Supplied data:
»»
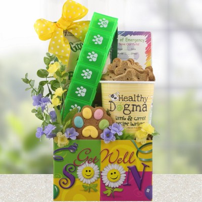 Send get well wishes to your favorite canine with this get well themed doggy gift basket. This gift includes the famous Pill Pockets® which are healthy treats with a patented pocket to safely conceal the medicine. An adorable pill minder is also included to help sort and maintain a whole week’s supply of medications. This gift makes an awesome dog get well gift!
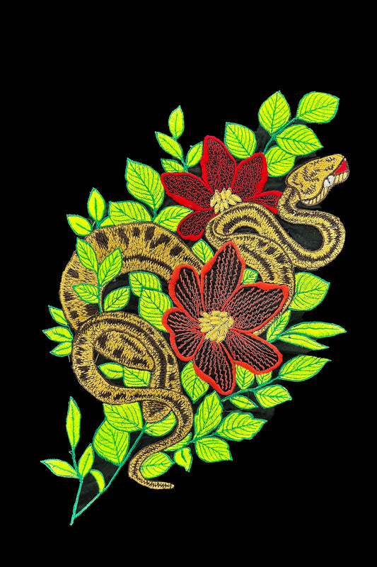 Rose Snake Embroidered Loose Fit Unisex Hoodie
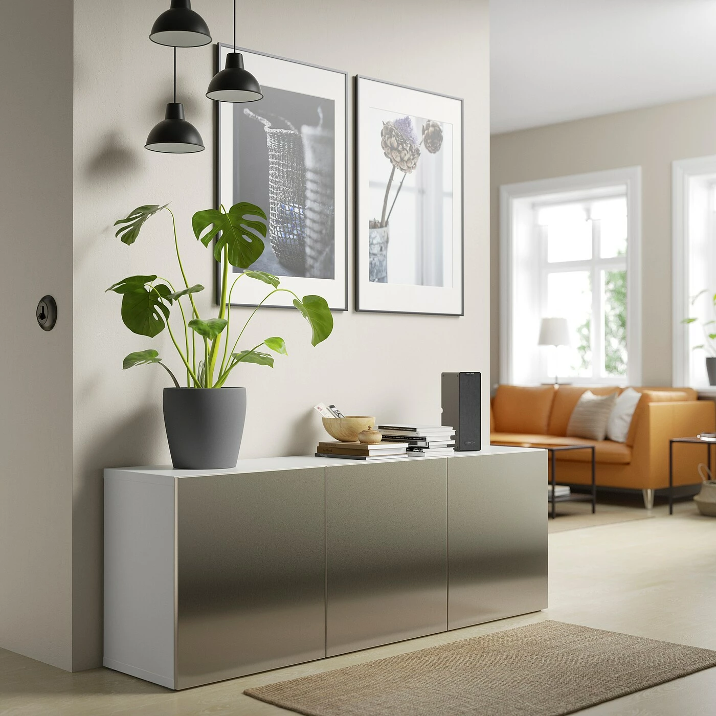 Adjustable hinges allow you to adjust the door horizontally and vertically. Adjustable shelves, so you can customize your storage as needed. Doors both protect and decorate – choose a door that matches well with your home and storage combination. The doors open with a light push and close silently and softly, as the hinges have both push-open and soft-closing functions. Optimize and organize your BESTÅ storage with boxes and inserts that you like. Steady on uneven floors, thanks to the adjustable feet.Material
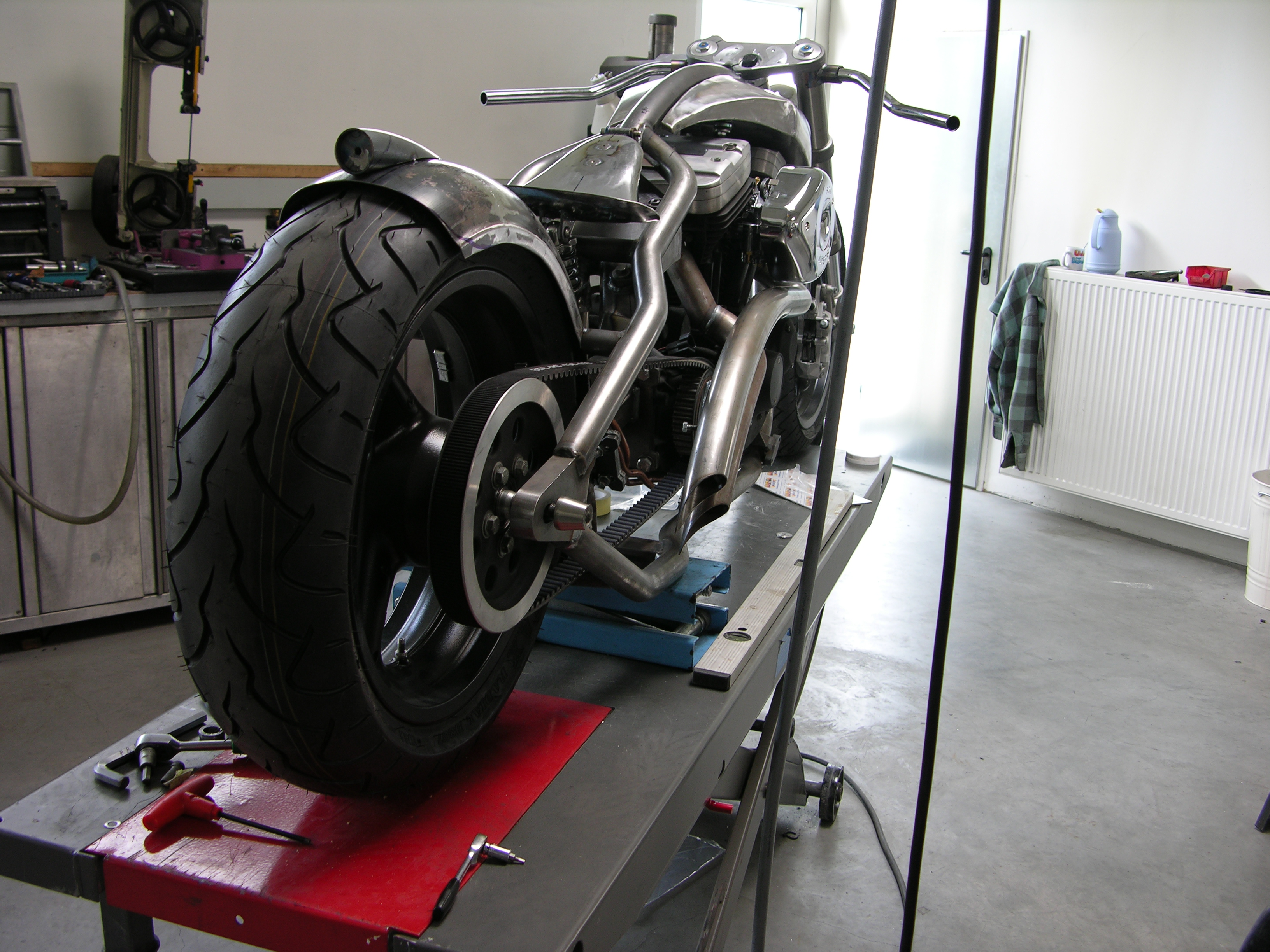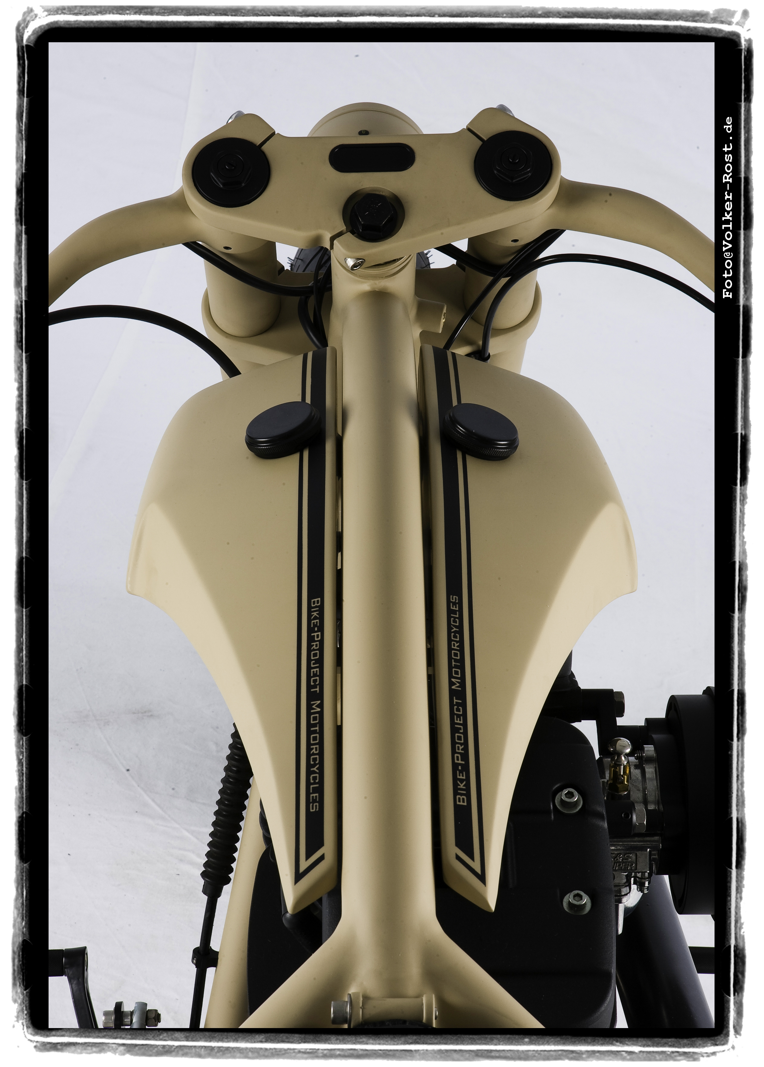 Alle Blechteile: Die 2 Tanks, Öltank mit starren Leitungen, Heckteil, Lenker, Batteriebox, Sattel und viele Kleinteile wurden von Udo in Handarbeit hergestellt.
««
»»
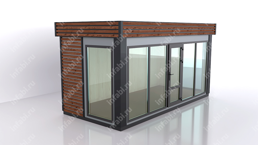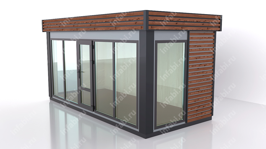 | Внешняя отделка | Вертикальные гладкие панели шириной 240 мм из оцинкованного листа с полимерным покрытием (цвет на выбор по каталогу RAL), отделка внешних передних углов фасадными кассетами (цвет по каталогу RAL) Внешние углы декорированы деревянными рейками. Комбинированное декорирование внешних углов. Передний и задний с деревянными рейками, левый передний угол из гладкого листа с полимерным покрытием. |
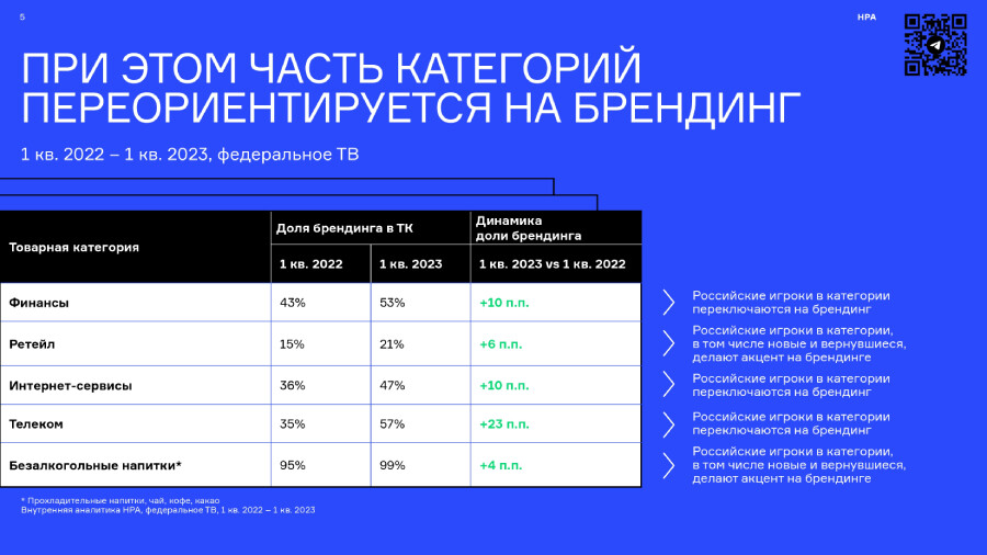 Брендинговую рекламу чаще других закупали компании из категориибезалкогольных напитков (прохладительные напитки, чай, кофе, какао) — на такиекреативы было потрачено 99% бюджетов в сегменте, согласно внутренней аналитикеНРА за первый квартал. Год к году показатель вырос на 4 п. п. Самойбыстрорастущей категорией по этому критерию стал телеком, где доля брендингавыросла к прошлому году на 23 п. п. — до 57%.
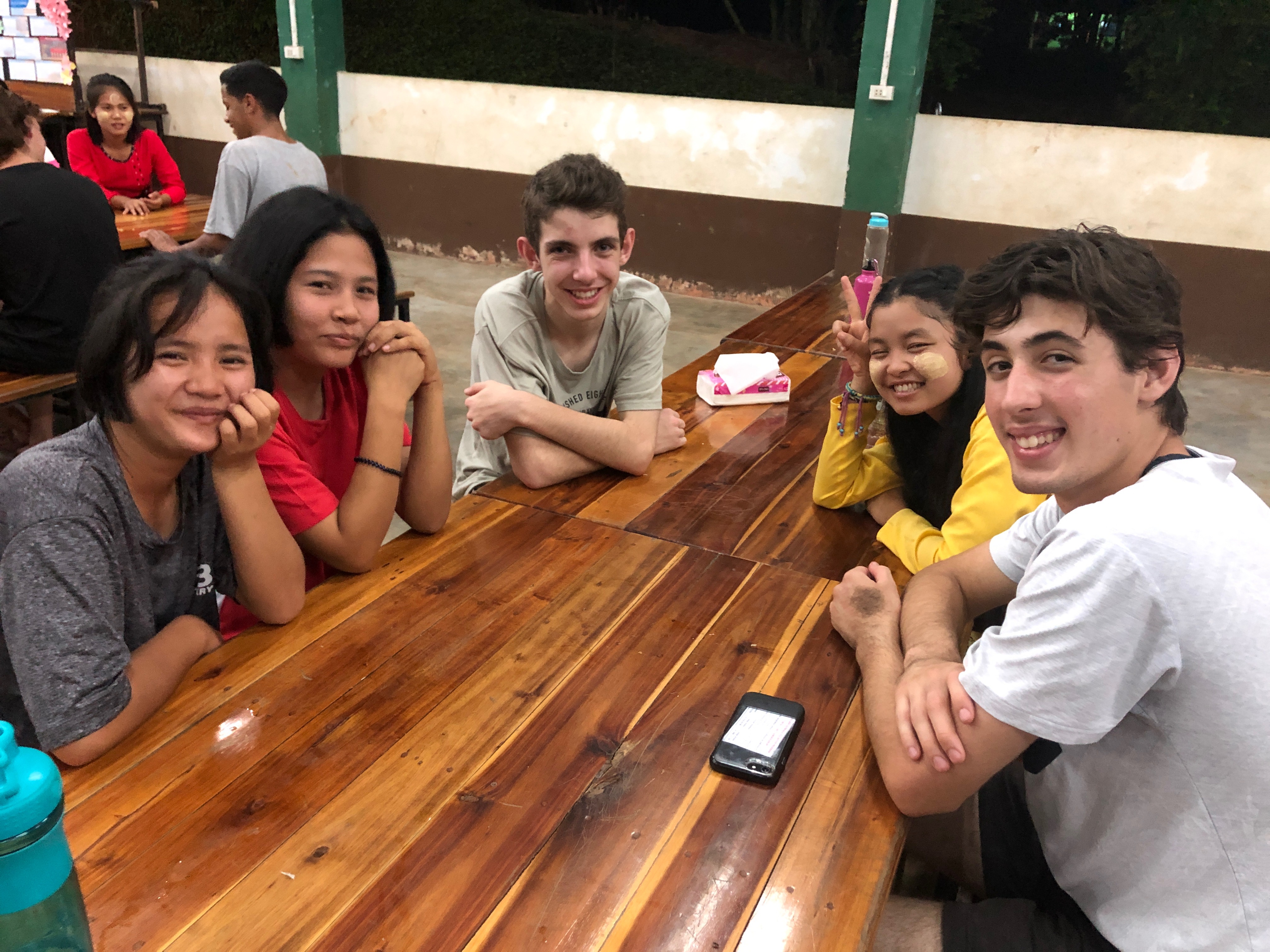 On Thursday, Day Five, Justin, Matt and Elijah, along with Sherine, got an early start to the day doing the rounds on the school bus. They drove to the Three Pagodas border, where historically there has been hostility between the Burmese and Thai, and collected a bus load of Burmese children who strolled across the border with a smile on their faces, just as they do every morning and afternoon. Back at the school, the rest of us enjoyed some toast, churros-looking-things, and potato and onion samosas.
««
»»
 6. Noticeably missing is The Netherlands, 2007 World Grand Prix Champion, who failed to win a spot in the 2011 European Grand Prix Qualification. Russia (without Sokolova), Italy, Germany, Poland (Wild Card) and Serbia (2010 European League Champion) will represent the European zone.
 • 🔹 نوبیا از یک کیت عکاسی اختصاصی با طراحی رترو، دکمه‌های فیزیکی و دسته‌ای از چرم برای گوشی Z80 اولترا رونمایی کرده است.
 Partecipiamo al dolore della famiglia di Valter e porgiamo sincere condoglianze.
««
What to do: Would you copy out exactly the lines above that start at the one containing "6. Noticeably missing" and end at the one containing "Partecipiamo al dolore", inclusive?

Solution below:
 6. Noticeably missing is The Netherlands, 2007 World Grand Prix Champion, who failed to win a spot in the 2011 European Grand Prix Qualification. Russia (without Sokolova), Italy, Germany, Poland (Wild Card) and Serbia (2010 European League Champion) will represent the European zone.
 • 🔹 نوبیا از یک کیت عکاسی اختصاصی با طراحی رترو، دکمه‌های فیزیکی و دسته‌ای از چرم برای گوشی Z80 اولترا رونمایی کرده است.
 Partecipiamo al dolore della famiglia di Valter e porgiamo sincere condoglianze.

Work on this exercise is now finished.